Friday 9 April, the Italian SST Operations Center (ISOC), jointly operated by the Poggio Renatico (FE) Aerospace Operations Command – SSA Center (COA-CSSA) and the Experimental Flight Department – Aero-Space Engineering Group (RSV-GIAS) of Pratica di Mare (RM), in coordination with the Space Operations Command (COS) of the Defense Staff, monitored the evolution of a potential event with a high probability of collision between two class space objects ” large ”in low orbit, non-maneuverable. The space objects involved in the event were a US weather satellite, no longer operational, called OPS 6182 launched in 1978, and a stage of a Russian launcher, called SL-8 R / B launched in 1981. Both objects were at a altitude of about 770-780 km.

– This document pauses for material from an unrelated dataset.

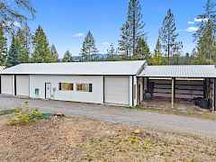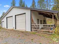 A must see for the buyer that needs large shops! Spacious 1755 sq. ft. manufactured home nestled on 37.7 picturesque acres, surrounded by mature timber and featuring a peaceful stream. This property boasts a large, covered deck perfect for outdoor gatherings, two expansive shops—one equipped with over 2100sq ft that includes a bathroom, cement floor, loft and lean-to. The second can be a barn or shop with 1200 sq. ft. of storage space. Fenced yard area with drilled well and two septic systems. The home's open floor plan offers plenty of room to relax and entertain, with new carpet in the living room, economical heat pump and pellet stove. Nature lovers will appreciate the abundance of wildlife and park-like setting.

From a preliminary analysis carried out by the ISOC, the Time of Closest Approach (TCA), i.e. the prediction of the instant of the potential collision, was estimated for April 9 at 17:18 UTC (19:18 Italian time), with a minimum distance between the two objects of the order of 20 meters and a probability of collision of about 20%. Furthermore, thanks to the simulation models and algorithms implemented in ISOC, it has been estimated that a fragmentation of the two objects resulting from their possible collision would have generated at least 400 objects with a diameter greater than 20 cm and a total number of fragments greater than 4. millions, potentially representing a further significant danger to all operating satellites in low orbit.
The event of possible collision was observed detected thanks to the screening carried out in the context of the European Union cooperation on Space Surveillance and Tracking (EU SST), in which Italy has participated since 2015 (EUSST Consortium) thanks to a national collaboration between ASI, INAF and the Ministry of Defense. The Consortium, in fact, provides registered users with the services of Conjunction Analysis, Re-entry Analysis and Fragmentation Analysis, in order to limit the proliferation of space debris and to contribute to the safeguarding of both European and national space infrastructures, vehicles and services. In this context, the ISOC represents the national Operational Center of reference and is able to coordinate the use of various national sensors (radar, optical and laser) for measuring the orbits of space objects of interest. In detail, the event was followed thanks to the Italian radar sensors MFDR-LR and BIRALES, which were used by the ISOC in collaboration with the Interoforze Poligono del Salto di Quirra and the National Institute of Astro-Physics, sensors that they detected the two objects still intact during the steps following the TCA.